▸ Description of the task
The records below are to be restated word for word; their pictures are not.
== Data for the task
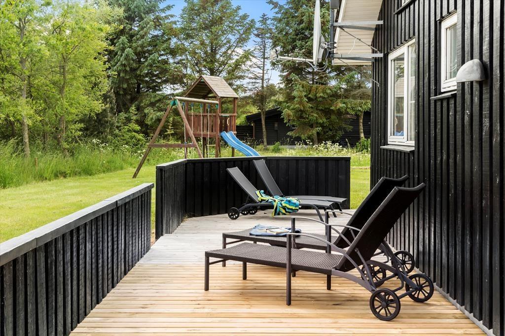 Grønhøj ist ein schönes Naturschutzgebiet mit einem schönen, breiten, weißen Sandstrand. Vom Ferienhaus aus sind es weniger als einen Kilometer bis zum Wasser, und falls das Wetter einmal nicht mitspielt, kann man einen Ausflug ins große subtropische Badeparadies in Blokhus machen. Es gibt auch viele weitere interessante Ausflugsziele in der Nähe: Action House in Løkken, Børglum Kloster oder Rubjerg Knude. Wenn man bereit ist für eine längere Fahrt, empfehlen wir den Aalborg Zoo, Grenen in Skagen, das Oceanarium in Hirtshals oder den Jesperhus Blomsterpark auf Mors.
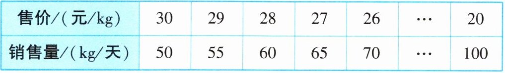 (2)当$y=85$时,$5x+50=85$,解得$x=7$。所以$30-x=30-7=23$(元)。所以这天的售价是每千克$23$元
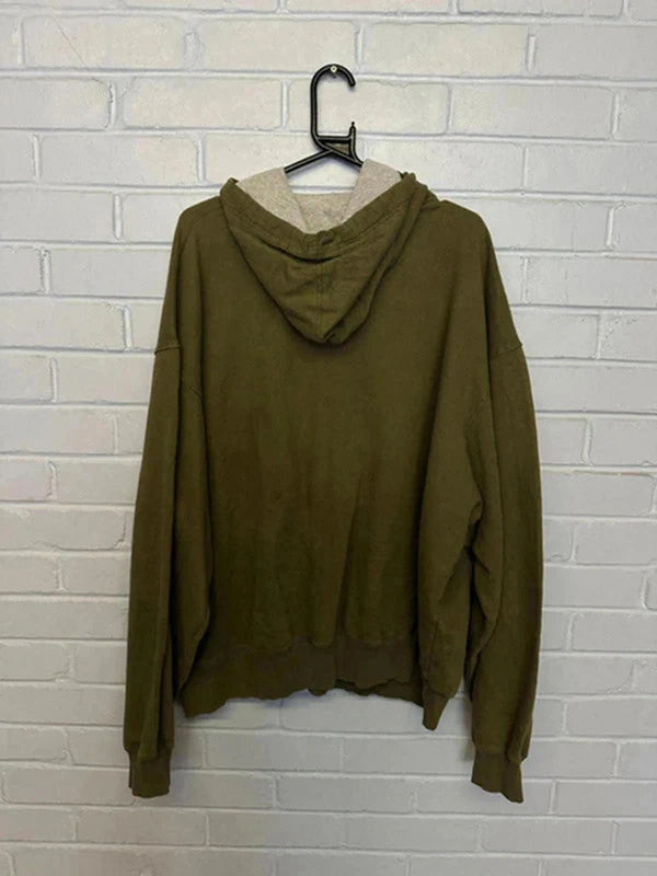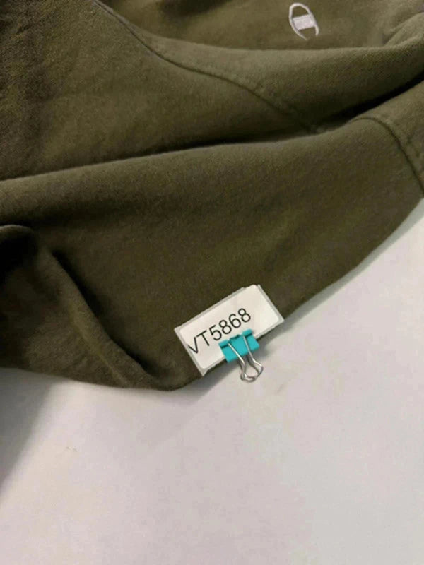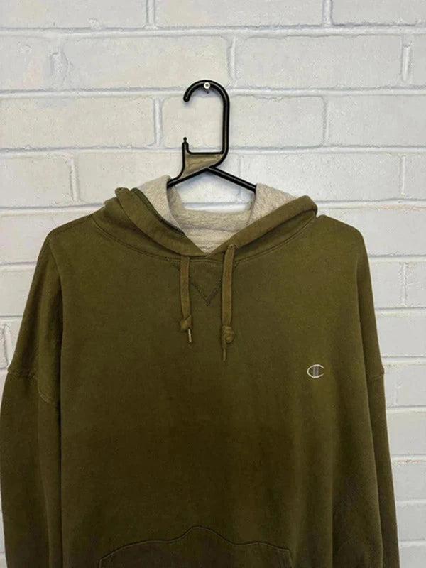 Vintage Champion Hoodie XXL Olive Green Pullover Embroidered Logo USA Made
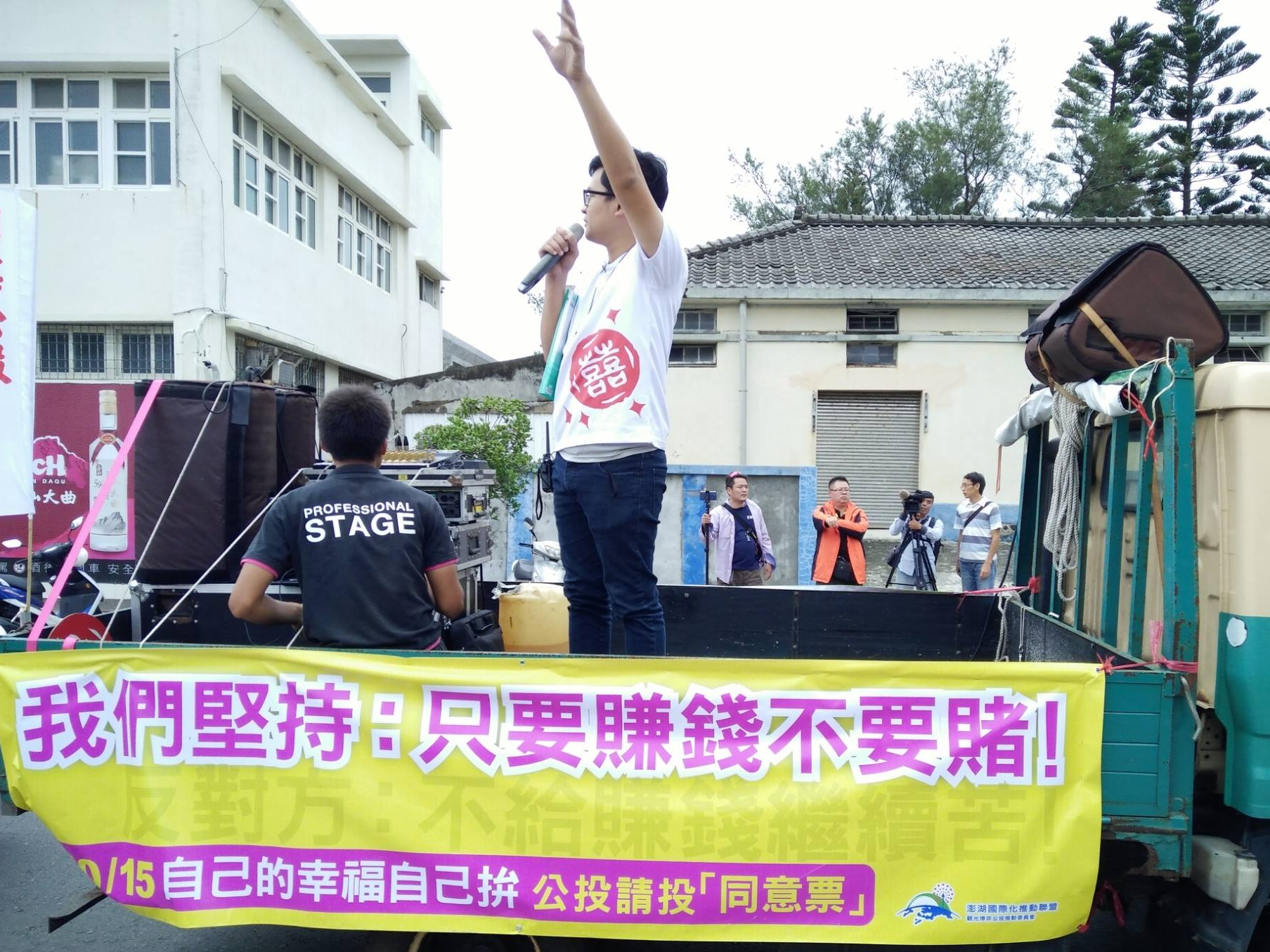本遊行於下午兩點三十分於觀音亭前集合,三點出發。遊行前,宣傳車上發言人宣稱:「澎湖人的未來,澎湖人自己決定。(通過博奕後)不用擔心醫療、生態、冬天風大沒錢賺,不用擔心打零工」「我們澎湖人不要賭博,只要賺錢!」「請在10月15號用你手中的一票,為自己的未來鋪路,為孩子的未來鋪路!」活動於四點左右抵達文德路的澎湖喜事館告終。
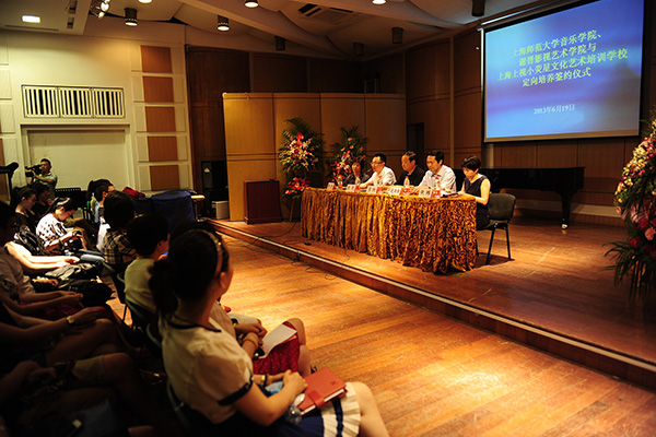仪式上,三方领导共同签署了《上海师范大学音乐学院、谢晋影视艺术学院与上海上视小荧星文化艺术培训学校定向培养合作协议》。此次联合定向培养项目的签署,宣告了三方定向培养合作的开始,为两大艺术类学院毕业生抢占上海儿童艺术教育岗位开辟了新的渠道。
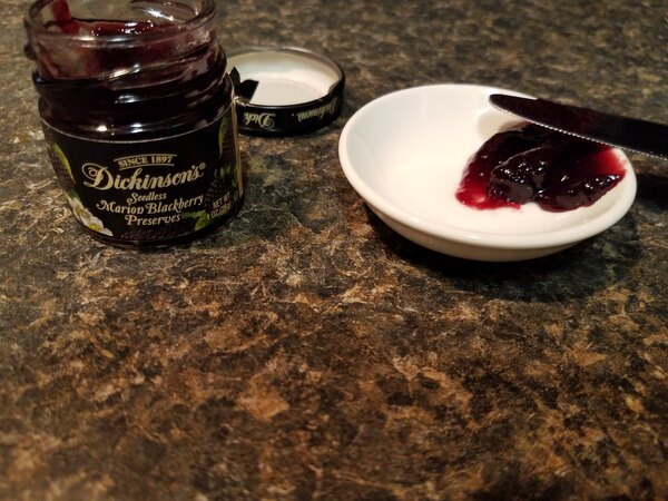 The Dickinson 1 oz black berry preserves is such a cute nice package. Great and fresh. Perfect for pack lunches. Will be buying more of these for sure. Such a great flavor
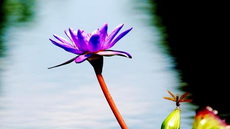 Keywords: water lily lotus blossom aquatic floral pond dragonfly purple nature bloom garden petals
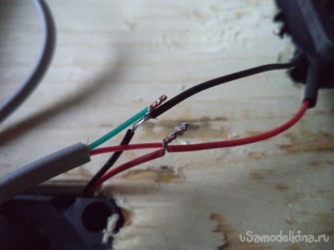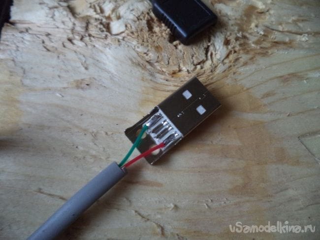 Теперь с помощью электрического паяльника припаиваем usb разъем к проводу, но опять же не путаем полярность, иначе вентиляторы работать не будут.
====
▸ Reply to the exercise
 Grønhøj ist ein schönes Naturschutzgebiet mit einem schönen, breiten, weißen Sandstrand. Vom Ferienhaus aus sind es weniger als einen Kilometer bis zum Wasser, und falls das Wetter einmal nicht mitspielt, kann man einen Ausflug ins große subtropische Badeparadies in Blokhus machen. Es gibt auch viele weitere interessante Ausflugsziele in der Nähe: Action House in Løkken, Børglum Kloster oder Rubjerg Knude. Wenn man bereit ist für eine längere Fahrt, empfehlen wir den Aalborg Zoo, Grenen in Skagen, das Oceanarium in Hirtshals oder den Jesperhus Blomsterpark auf Mors.
 (2)当$y=85$时,$5x+50=85$,解得$x=7$。所以$30-x=30-7=23$(元)。所以这天的售价是每千克$23$元
 Vintage Champion Hoodie XXL Olive Green Pullover Embroidered Logo USA Made
本遊行於下午兩點三十分於觀音亭前集合,三點出發。遊行前,宣傳車上發言人宣稱:「澎湖人的未來,澎湖人自己決定。(通過博奕後)不用擔心醫療、生態、冬天風大沒錢賺,不用擔心打零工」「我們澎湖人不要賭博,只要賺錢!」「請在10月15號用你手中的一票,為自己的未來鋪路,為孩子的未來鋪路!」活動於四點左右抵達文德路的澎湖喜事館告終。
仪式上,三方领导共同签署了《上海师范大学音乐学院、谢晋影视艺术学院与上海上视小荧星文化艺术培训学校定向培养合作协议》。此次联合定向培养项目的签署,宣告了三方定向培养合作的开始,为两大艺术类学院毕业生抢占上海儿童艺术教育岗位开辟了新的渠道。
 The Dickinson 1 oz black berry preserves is such a cute nice package. Great and fresh. Perfect for pack lunches. Will be buying more of these for sure. Such a great flavor
 Keywords: water lily lotus blossom aquatic floral pond dragonfly purple nature bloom garden petals
 Теперь с помощью электрического паяльника припаиваем usb разъем к проводу, но опять же не путаем полярность, иначе вентиляторы работать не будут.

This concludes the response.